**DIRECTIONS:**
Without pictures, repeat the lines of the entries from the one containing "Buổi bảo vệ đồ" through the last, both ends included, and nothing else.

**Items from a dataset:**
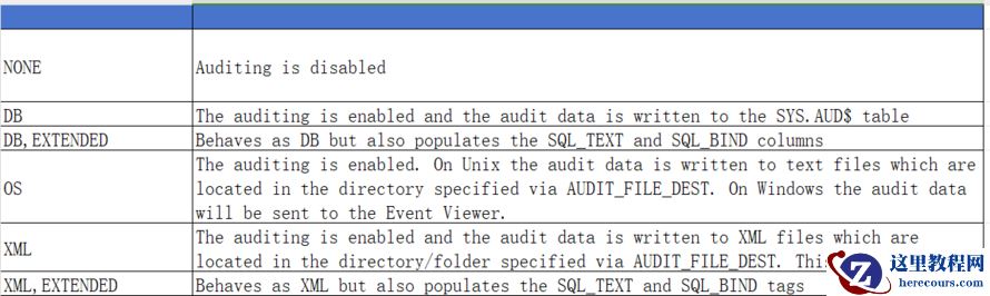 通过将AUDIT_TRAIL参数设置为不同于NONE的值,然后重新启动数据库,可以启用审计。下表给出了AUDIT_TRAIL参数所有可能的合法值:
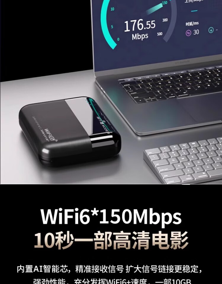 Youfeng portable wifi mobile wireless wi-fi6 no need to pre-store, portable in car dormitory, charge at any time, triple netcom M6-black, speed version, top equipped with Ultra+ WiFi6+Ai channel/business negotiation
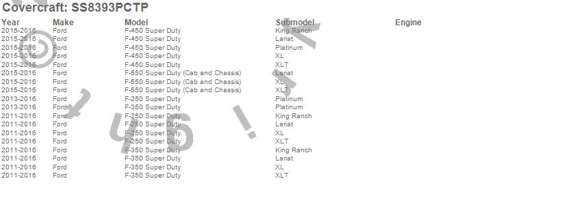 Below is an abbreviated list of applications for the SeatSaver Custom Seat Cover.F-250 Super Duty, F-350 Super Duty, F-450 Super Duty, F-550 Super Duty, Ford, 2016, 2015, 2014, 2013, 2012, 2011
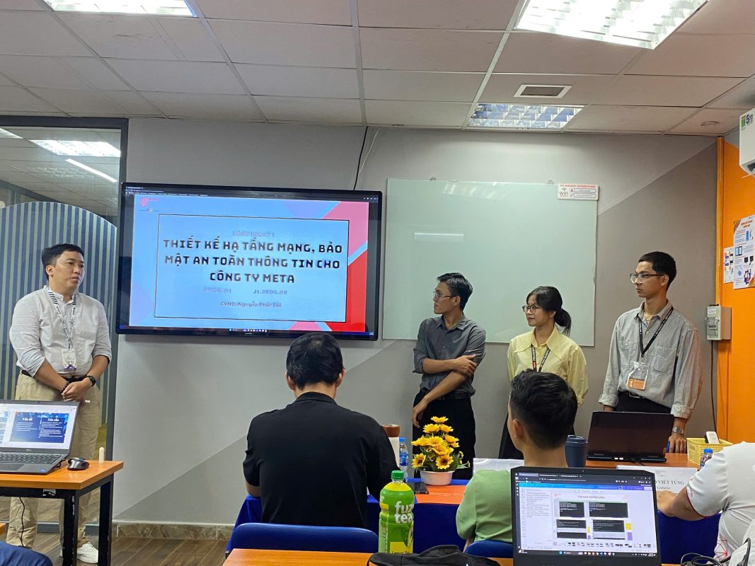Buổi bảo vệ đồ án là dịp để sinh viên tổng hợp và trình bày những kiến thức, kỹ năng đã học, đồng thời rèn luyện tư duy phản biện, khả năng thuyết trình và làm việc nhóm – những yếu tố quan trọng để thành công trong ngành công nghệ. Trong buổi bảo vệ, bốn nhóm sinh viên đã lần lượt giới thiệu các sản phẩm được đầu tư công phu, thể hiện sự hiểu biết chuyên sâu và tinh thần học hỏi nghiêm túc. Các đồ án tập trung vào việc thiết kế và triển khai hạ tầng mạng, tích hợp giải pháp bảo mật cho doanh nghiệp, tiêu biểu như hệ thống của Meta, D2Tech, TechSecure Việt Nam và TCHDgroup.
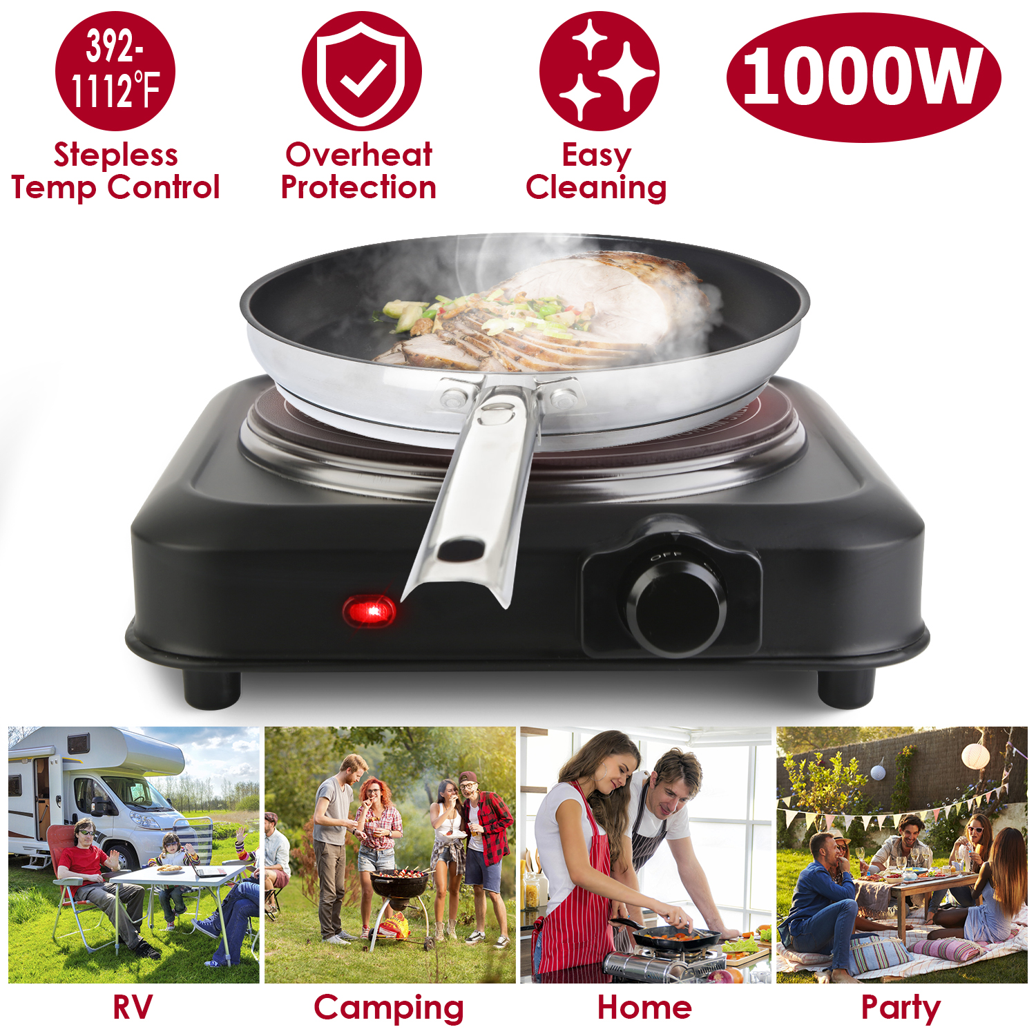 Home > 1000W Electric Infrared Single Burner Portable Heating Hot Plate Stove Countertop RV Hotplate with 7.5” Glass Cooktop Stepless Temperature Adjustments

**RESPONSE AREA:**
Buổi bảo vệ đồ án là dịp để sinh viên tổng hợp và trình bày những kiến thức, kỹ năng đã học, đồng thời rèn luyện tư duy phản biện, khả năng thuyết trình và làm việc nhóm – những yếu tố quan trọng để thành công trong ngành công nghệ. Trong buổi bảo vệ, bốn nhóm sinh viên đã lần lượt giới thiệu các sản phẩm được đầu tư công phu, thể hiện sự hiểu biết chuyên sâu và tinh thần học hỏi nghiêm túc. Các đồ án tập trung vào việc thiết kế và triển khai hạ tầng mạng, tích hợp giải pháp bảo mật cho doanh nghiệp, tiêu biểu như hệ thống của Meta, D2Tech, TechSecure Việt Nam và TCHDgroup.
 Home > 1000W Electric Infrared Single Burner Portable Heating Hot Plate Stove Countertop RV Hotplate with 7.5” Glass Cooktop Stepless Temperature Adjustments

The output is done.